| Data provided |
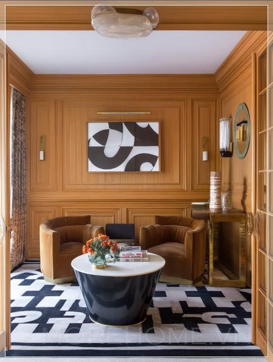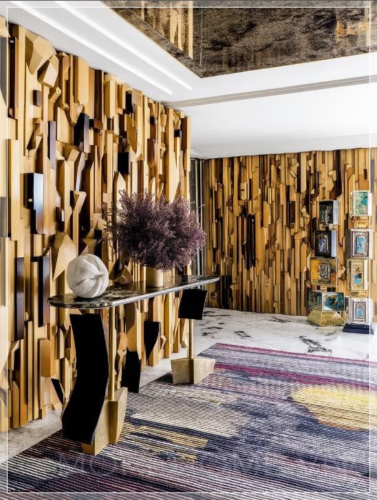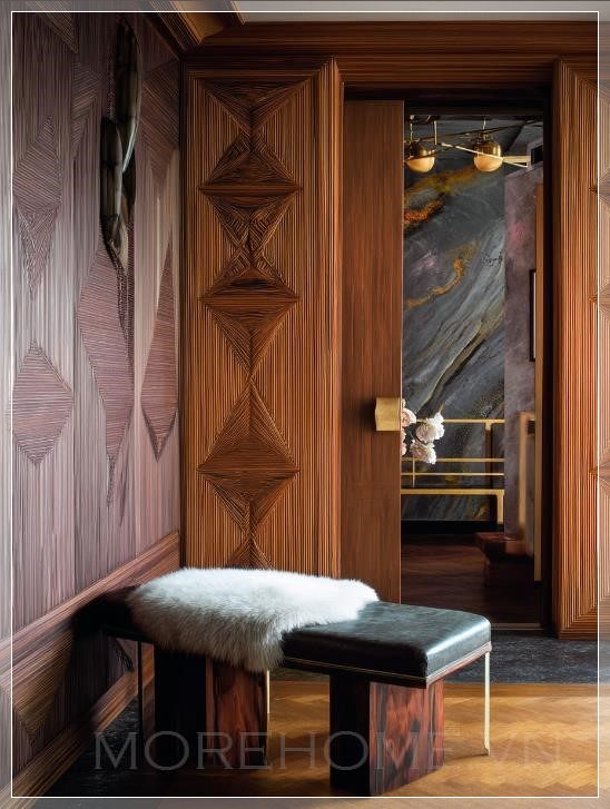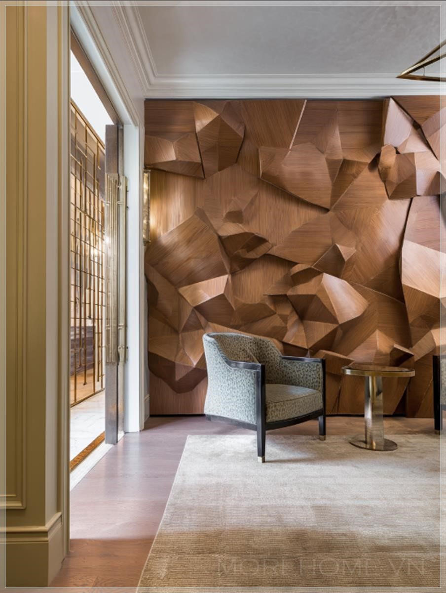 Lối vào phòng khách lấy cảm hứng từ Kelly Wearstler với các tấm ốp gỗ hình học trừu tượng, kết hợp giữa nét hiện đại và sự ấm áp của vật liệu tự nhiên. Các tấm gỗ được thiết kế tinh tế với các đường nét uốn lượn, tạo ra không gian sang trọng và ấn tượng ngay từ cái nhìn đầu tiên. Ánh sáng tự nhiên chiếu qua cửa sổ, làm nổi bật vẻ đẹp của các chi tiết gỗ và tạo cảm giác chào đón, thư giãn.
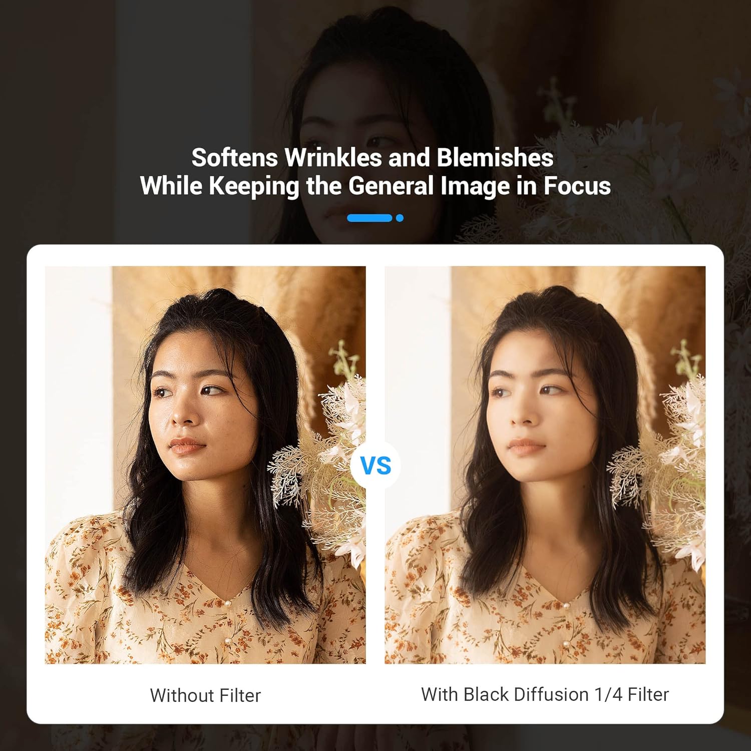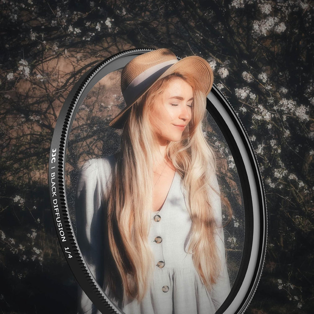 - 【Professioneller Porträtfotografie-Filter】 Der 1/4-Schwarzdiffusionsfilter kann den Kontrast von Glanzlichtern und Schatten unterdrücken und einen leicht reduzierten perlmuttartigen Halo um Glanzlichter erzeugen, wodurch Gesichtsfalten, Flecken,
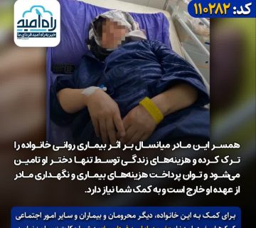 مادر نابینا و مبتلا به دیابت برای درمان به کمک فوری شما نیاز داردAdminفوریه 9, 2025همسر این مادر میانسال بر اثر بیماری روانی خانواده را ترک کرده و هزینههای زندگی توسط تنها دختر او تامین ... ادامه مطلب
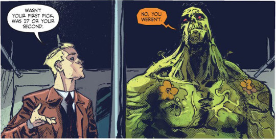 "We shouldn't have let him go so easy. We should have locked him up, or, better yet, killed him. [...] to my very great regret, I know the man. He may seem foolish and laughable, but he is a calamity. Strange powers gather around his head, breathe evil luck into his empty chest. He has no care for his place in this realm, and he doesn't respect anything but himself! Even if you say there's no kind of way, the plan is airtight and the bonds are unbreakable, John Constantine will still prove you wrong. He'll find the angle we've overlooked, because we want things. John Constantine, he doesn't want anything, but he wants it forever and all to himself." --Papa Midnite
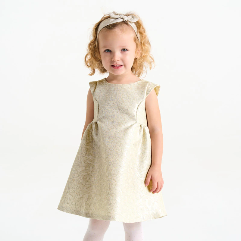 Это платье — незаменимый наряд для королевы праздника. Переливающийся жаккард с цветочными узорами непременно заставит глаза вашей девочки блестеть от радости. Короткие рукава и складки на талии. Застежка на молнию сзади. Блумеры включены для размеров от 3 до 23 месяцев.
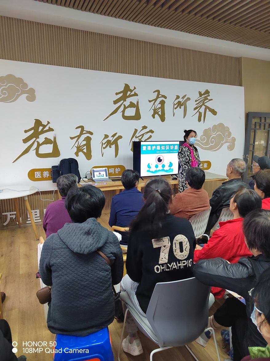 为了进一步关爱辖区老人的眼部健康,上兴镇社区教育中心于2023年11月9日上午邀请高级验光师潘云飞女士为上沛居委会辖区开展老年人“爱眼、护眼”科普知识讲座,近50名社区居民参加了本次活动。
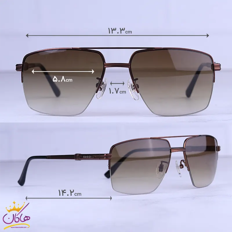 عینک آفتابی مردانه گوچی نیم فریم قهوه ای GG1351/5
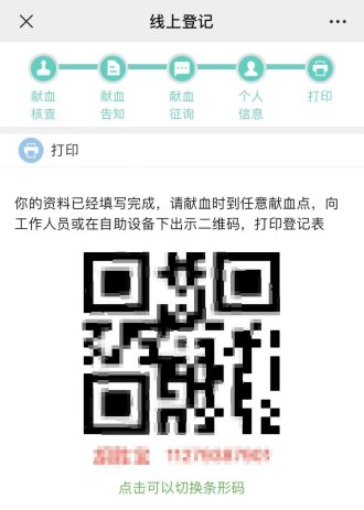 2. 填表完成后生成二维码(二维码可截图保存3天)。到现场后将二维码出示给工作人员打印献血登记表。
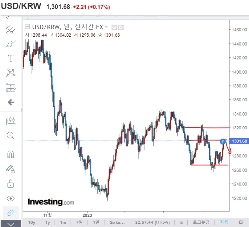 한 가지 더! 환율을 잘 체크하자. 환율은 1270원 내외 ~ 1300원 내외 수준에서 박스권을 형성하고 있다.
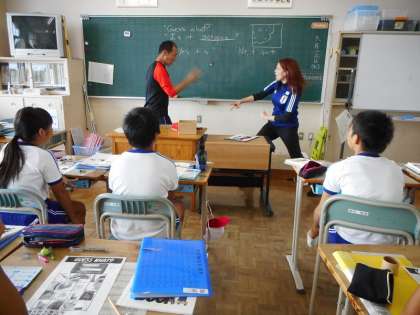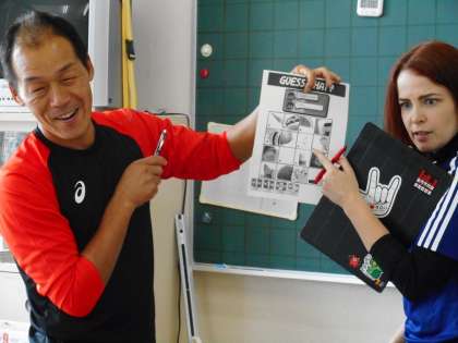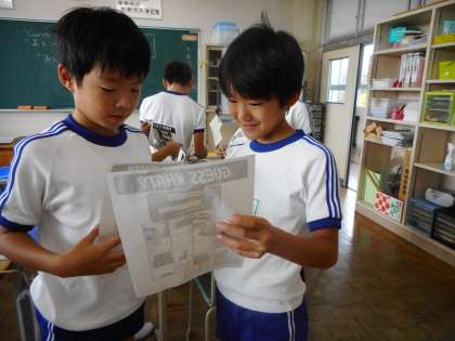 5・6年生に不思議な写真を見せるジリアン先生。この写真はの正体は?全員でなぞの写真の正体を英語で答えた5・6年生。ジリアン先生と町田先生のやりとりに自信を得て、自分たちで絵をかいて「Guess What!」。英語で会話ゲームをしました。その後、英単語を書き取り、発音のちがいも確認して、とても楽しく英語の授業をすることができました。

| What to do |
Reproduce the records above exactly, but only from the line with "- 【Professioneller Porträtfotografie-Filter】" up to and including the line with "한 가지 더! 환율을". Leave the pictures out.

| Response area |
 - 【Professioneller Porträtfotografie-Filter】 Der 1/4-Schwarzdiffusionsfilter kann den Kontrast von Glanzlichtern und Schatten unterdrücken und einen leicht reduzierten perlmuttartigen Halo um Glanzlichter erzeugen, wodurch Gesichtsfalten, Flecken,
 مادر نابینا و مبتلا به دیابت برای درمان به کمک فوری شما نیاز داردAdminفوریه 9, 2025همسر این مادر میانسال بر اثر بیماری روانی خانواده را ترک کرده و هزینههای زندگی توسط تنها دختر او تامین ... ادامه مطلب
 "We shouldn't have let him go so easy. We should have locked him up, or, better yet, killed him. [...] to my very great regret, I know the man. He may seem foolish and laughable, but he is a calamity. Strange powers gather around his head, breathe evil luck into his empty chest. He has no care for his place in this realm, and he doesn't respect anything but himself! Even if you say there's no kind of way, the plan is airtight and the bonds are unbreakable, John Constantine will still prove you wrong. He'll find the angle we've overlooked, because we want things. John Constantine, he doesn't want anything, but he wants it forever and all to himself." --Papa Midnite
 Это платье — незаменимый наряд для королевы праздника. Переливающийся жаккард с цветочными узорами непременно заставит глаза вашей девочки блестеть от радости. Короткие рукава и складки на талии. Застежка на молнию сзади. Блумеры включены для размеров от 3 до 23 месяцев.
 为了进一步关爱辖区老人的眼部健康,上兴镇社区教育中心于2023年11月9日上午邀请高级验光师潘云飞女士为上沛居委会辖区开展老年人“爱眼、护眼”科普知识讲座,近50名社区居民参加了本次活动。
 عینک آفتابی مردانه گوچی نیم فریم قهوه ای GG1351/5
 2. 填表完成后生成二维码(二维码可截图保存3天)。到现场后将二维码出示给工作人员打印献血登记表。
 한 가지 더! 환율을 잘 체크하자. 환율은 1270원 내외 ~ 1300원 내외 수준에서 박스권을 형성하고 있다.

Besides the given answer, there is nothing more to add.